Sunday, September 22, 2024

On Snobs

 Snobbery is good. Internetizens act like snobs without having taste. A truly american worst-of-both-worlds culture. 

 Internetizens notice that snobs look down on pieces of art. Usually, citizens have no taste, not even bad taste. They can't see any similarity in the criticisms snobs issue at bad art; there's no distinction that they can sense. Secondarily, negative events stick out in the mind more; even if they see a snob liking something, they will quickly forget in favour of all the things they don't like.
 Being worshippers of the Nameless one, Communists, they naturally condemn snobbery and immediately engage in what they believe to be snobbery. "Some are more equal than others - for example, I'm a snob." That is, they hate everything.  They look down their nose at every piece of art they're not specifically paid or otherwise coerced into pretending to like. 


 I keenly lament the lack of snobs. There is a nonzero amount of worthwhile art in the world, but you certainly can't talk about it anywhere on the internet. Nor in, for example, real life, where snobbery runs the risk of exciting the inquisition. "Citizen, it looks like you've have a little too much to think!" 

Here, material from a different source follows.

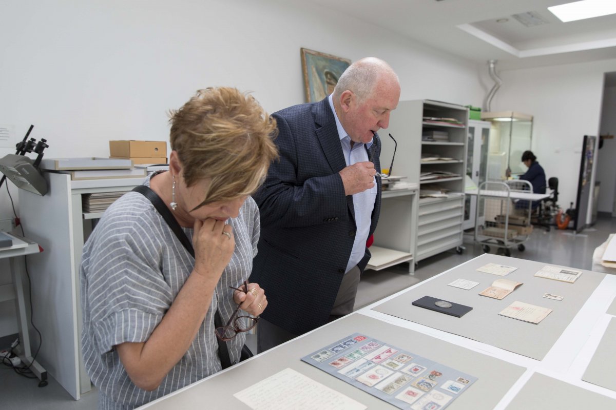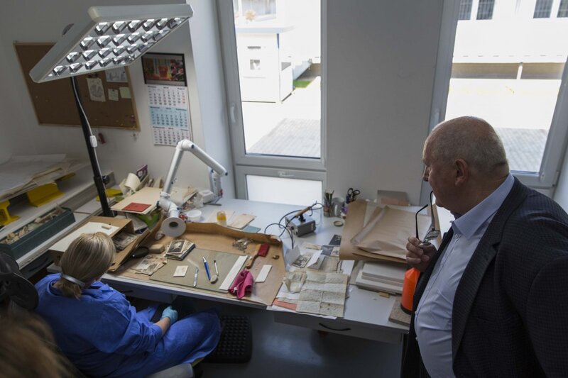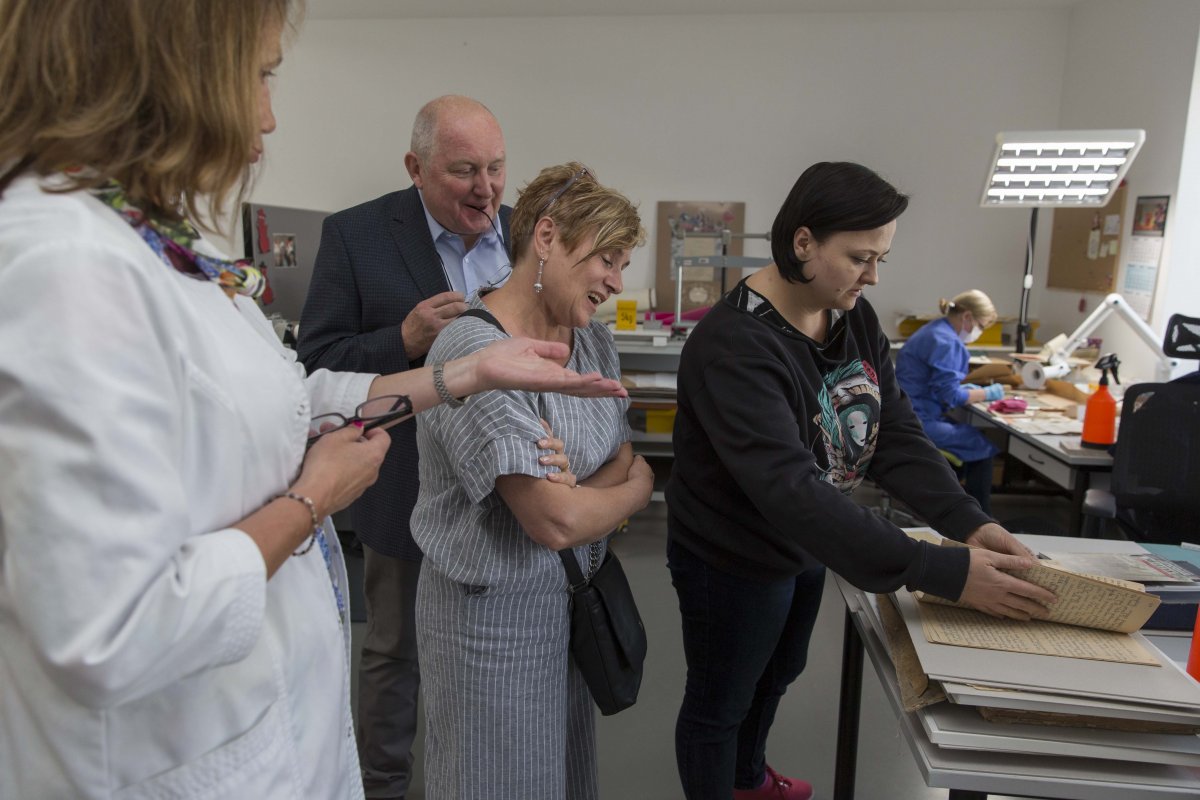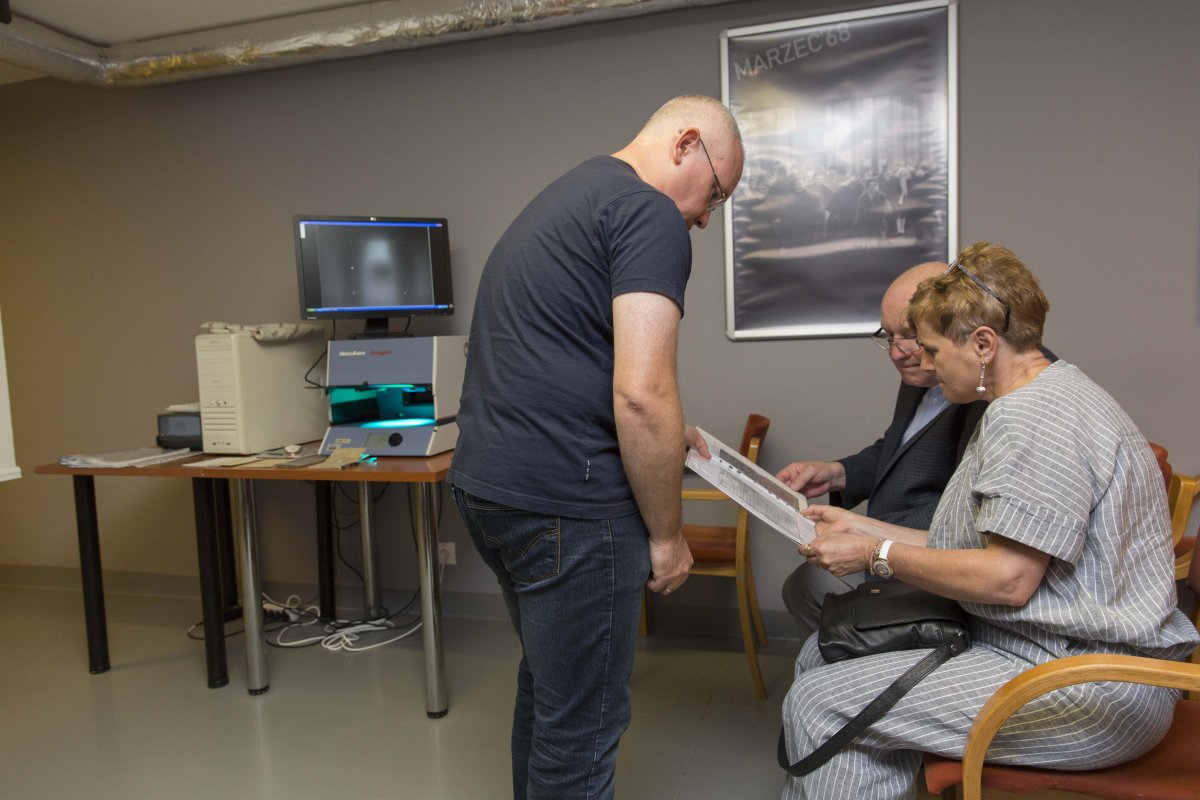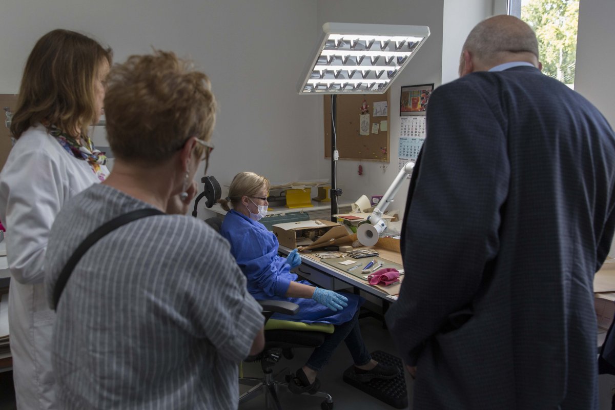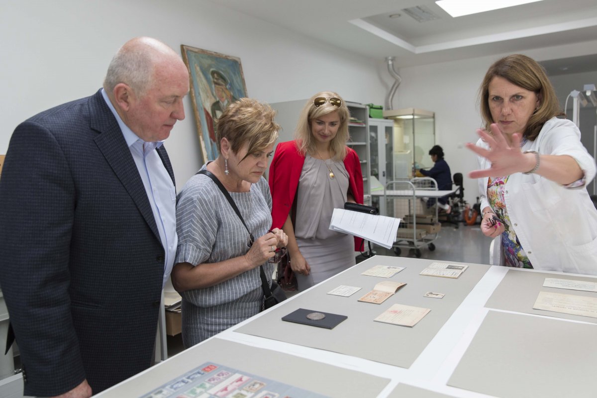 The guests also visited the Archive, where they got to know the main tasks and activities of the Center for Information on the Victims of World War II, visited the warehouse with military documentation, got acquainted with the functionalities of the video-comparator and had the opportunity to look at the work carried out in the Conservation Workshop. They were particularly interested in souvenirs connected with Tadeusz Starzyński, the State Police officer, the Silent-Unseen and Mokotow prisoner, which have been found in Scotland.

 "Ironically" exposing your beloved works to vandals and philistines is not healthy. "I like this, like the retard I am, lol." The only art grudgingly tolerated by Communists is egalitarian art. Stuff so popular the Communist is afraid of the stampede they would risk by airing their practiced disdain. 


 E.g. everyone who says they look down on anime lets their kids watch cartoons. E.g. capeshit is indeed shit...but apparently everyone who uses the word [capeshit] has never seen the rest of what hollywood produces, lol. Good for them, but the lack of perspective is completely disqualifying...or would be if it wasn't performative, which is worse.

 There are video games I like-like. There is no chance I will tell you which ones. I can be extremely gullible at times, but even I'm never that bad.


 Civilization has afforded us more expensive art, it is true. Potentially more profound. Instead, it also immediately furnishes us with iconoclasts, costing the arts more than they gain. In a civilization, "art" is a weapon, designed to traitorously maim their fellow citizens. 

 Due to my congenital deformity, optimism, I like to imagine that at some point in the misty past, snobs really did defend the arts from the corrosive effects of the civilization that spawned them. Would have to be pre-shakespeare at the latest, however...and there isn't any genuinely credible evidence... 

 Still, we could imagine real snobs. It's not physically impossible or anything. Only takes a single miracle, not a double-miracle or anything.